Overvoltage level is the key parameter of the offshore wind power transmission system, which has significant impact on the system design and equipment selection. In order to evaluate the key impact factors of the overvoltage level of the offshore wind farm transmission system and calculate its overvoltage accurately, the overvoltage mechanism of offshore wind farm 66 kV submarine cable transmission system is studied in this paper. Firstly, the topology, control and protection strategy of the 66 kV offshore wind power transmission system are analyzed. And then its overvoltage mechanism is studied from the aspects of fault-free load shedding overvoltage, single phase to ground fault load shedding overvoltage and load-free overvoltage. On this basis, the influence of the neutral point grounding resistance on the overvoltage of the 66 kV transmission system is studied. Finally, a simulation model of the offshore wind power transmission system is established in the PSCAD/EMTDC environment and simulation studies are conducted.
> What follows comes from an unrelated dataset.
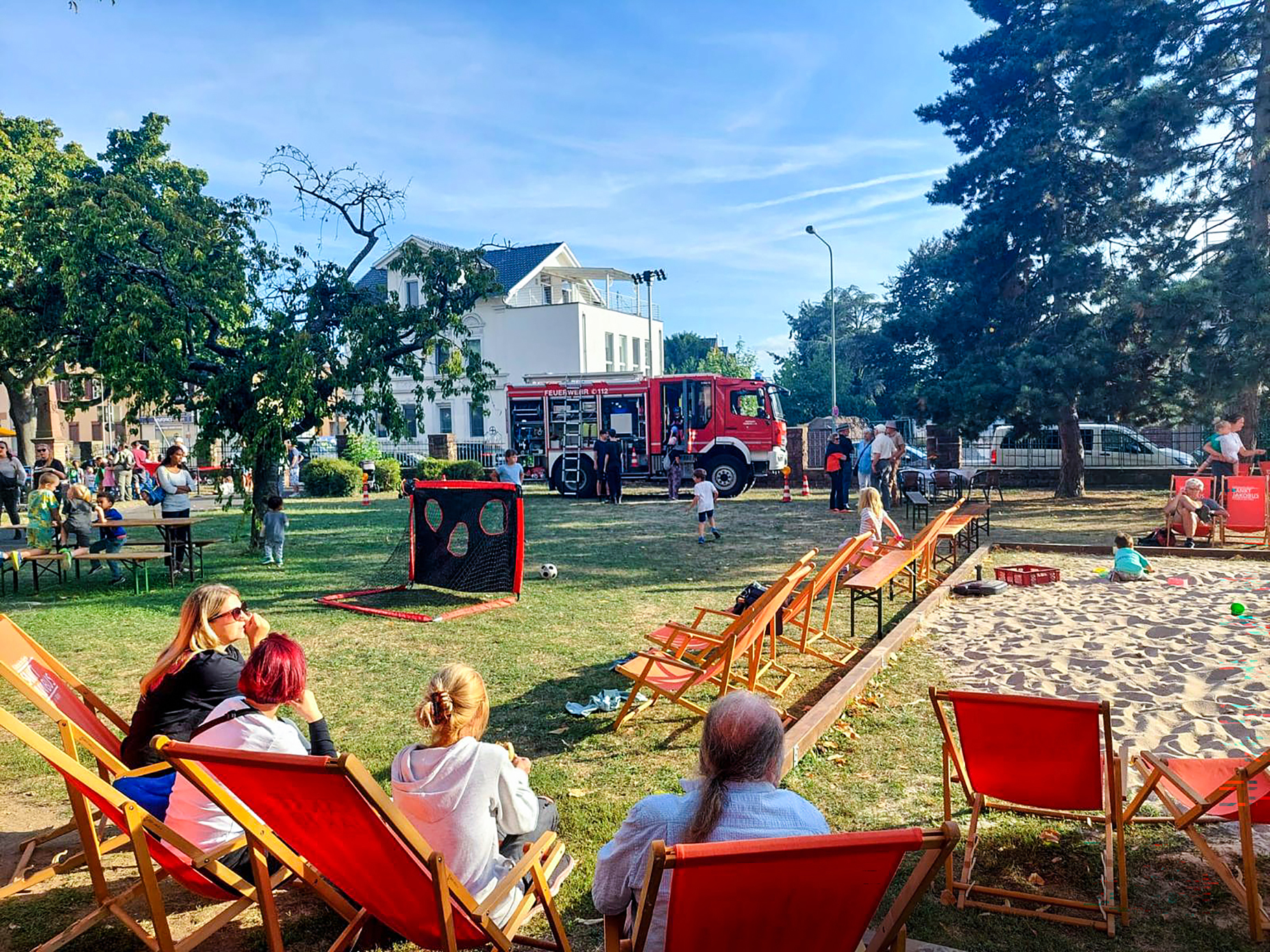 Rund um die Kirche St. Mauritius in Frankfurt-Schwanheim ist oft viel Trubel. Die Kirche ist eine Familienkirche. Hier haben die Jugendverbände ihr Zuhause. Auf dem Gelände leben Wachteln, die von Familien versorgt werden. Besonders beliebt ist das wöchentliche Spielplatz-Café auf dem Außengelände. Um die 50 Familien tummeln sich auf der Grünfläche um die Kirche. Ein Team von Ehrenamtlichen schenkt Kaffee aus. Dazu gibt es Kuchen zu einem günstigen Preis. Auch viele ältere Menschen aus dem Stadtteil kommen dorthin.

The research results show that the grounding resistance of the system and the control and protection strategy of the wind turbine are the main impact factors of the overvoltage level in the 66 kV transmission system. With the variation of the grounding resistance, the control and protection actions of the system will change. The system shows different overvoltage characteristics under different grounding resistance ranges.

Key words: offshore wind power generation, overvoltage, 66 kV submarine cable, grid fault, grounding resistance

Xiaohe WANG, Haichao YANG, Shuang SONG, Yuxin YANG, Gui YIN, Ke WANG. Overvoltage Mechanism of 66 kV Submarine Cable Transmission System for Offshore Wind Farm[J]. Electric Power, 2023, 56(11): 29-37, 48.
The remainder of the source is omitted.